The Great Lakes bulk freighter, SS John B. Cowle sank in just three minutes, the victim of a collision with the Isaac M Scott during heavy fog. The ship named for John Beswick Cowle, a Cleveland, Ohio shipbuilder, was lost near Whitefish Point in the upper peninsula of Northern Michigan on July 12, 1909. Fourteen of her 24-man crew perished.
SS John B. Cowle was built in 1902, for the then new Cowle Transit Company. John Beswick Cowle was part owner of the Globe Iron Works; the company was involved in building the first Great Lakes bulk freighters. Made from iron and steel, the vessels were nicknamed ‘tin pans’.
Under the command of Captain W.G. Rogers and loaded with iron ore, Cowle left Two Harbors, Minnesota and sailed for Cleveland, Ohio on July 12. Steaming in the opposite direction was a new 504-foot steel steamer called the Isaac M. Scott. On her maiden voyage, Scott had no cargo and was bound for Duluth, Minnesota. The Scott was followed the Frank. H. Goodyear.

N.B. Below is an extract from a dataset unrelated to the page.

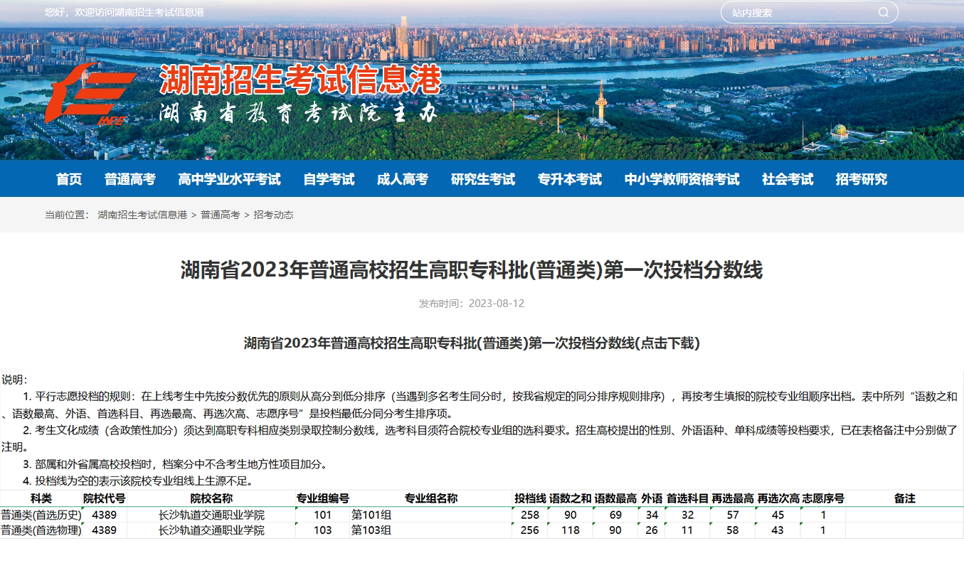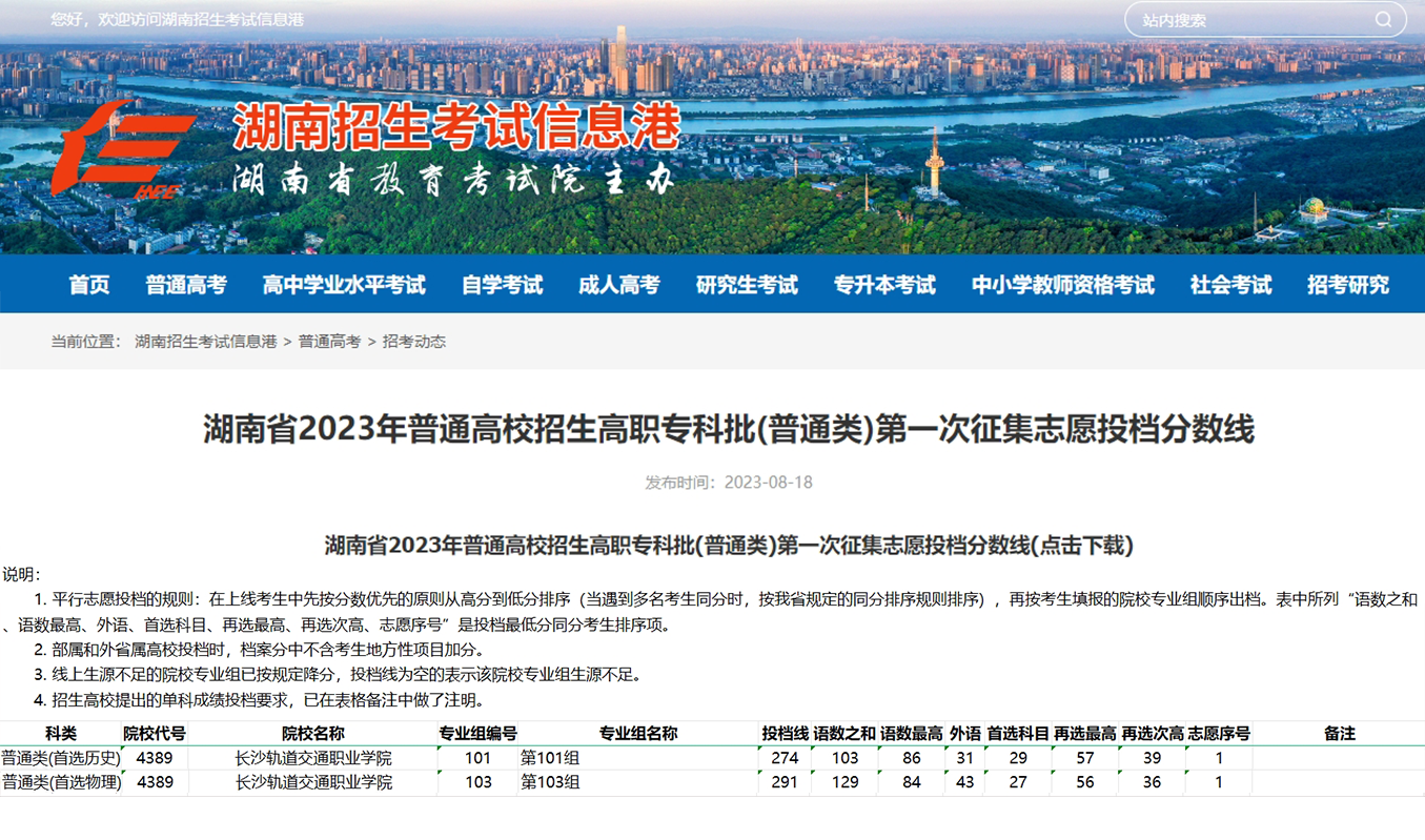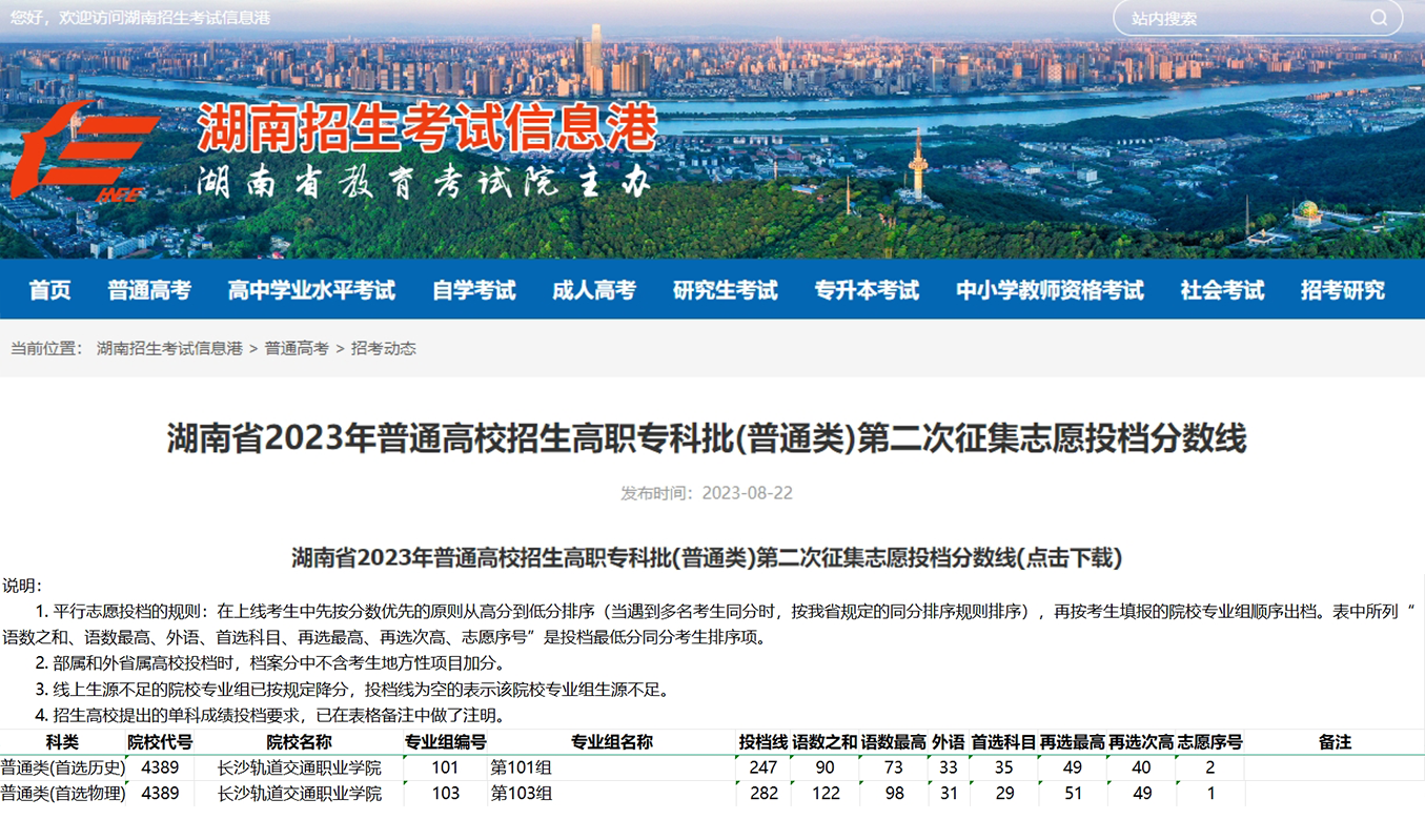2023年长沙轨道交通职业学院统招志愿填报录取投档线公布

But the dense fog in Whitefish Bay would spell disaster.
Despite the Cowle slowing to half speed and blowing persistent fog signals, the Scott, running at full speed, hit the Cowle so hard, she almost split in half. The Scott had plowed bow-first into the Cowle and the ship quickly began to sink. The quick-thinking crew of the Scott threw a line from the bow to Cowle‘s deck. Only three sailors were able to board Scott, meanwhile the rest of the Cowle‘s crew jumped into the water.

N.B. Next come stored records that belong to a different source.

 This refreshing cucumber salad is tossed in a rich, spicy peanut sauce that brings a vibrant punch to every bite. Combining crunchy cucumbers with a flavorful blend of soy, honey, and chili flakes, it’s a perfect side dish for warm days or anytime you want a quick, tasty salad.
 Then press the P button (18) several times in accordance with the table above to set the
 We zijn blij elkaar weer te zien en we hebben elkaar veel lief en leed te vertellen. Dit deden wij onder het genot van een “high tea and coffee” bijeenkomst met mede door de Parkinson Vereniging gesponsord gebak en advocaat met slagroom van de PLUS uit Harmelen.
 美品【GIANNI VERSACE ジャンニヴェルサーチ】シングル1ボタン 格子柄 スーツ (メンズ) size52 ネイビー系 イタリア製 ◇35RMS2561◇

In the wake of the ensuing chaos, both the Scott and Goodyear aided the rescue efforts. The Scott would sail again after being repaired but post-disaster hearings resulted in the suspension of Captain Rogers for 30 days as it was determined he had been steaming too fast. Scott‘s pilot, Edward E. Carlton was suspended for one year as it was found he had also been steaming too fast for the conditions, and for failing to signal. The wreck of the SS John B. Cowle is protected by the Whitefish Point Underwater Preserve.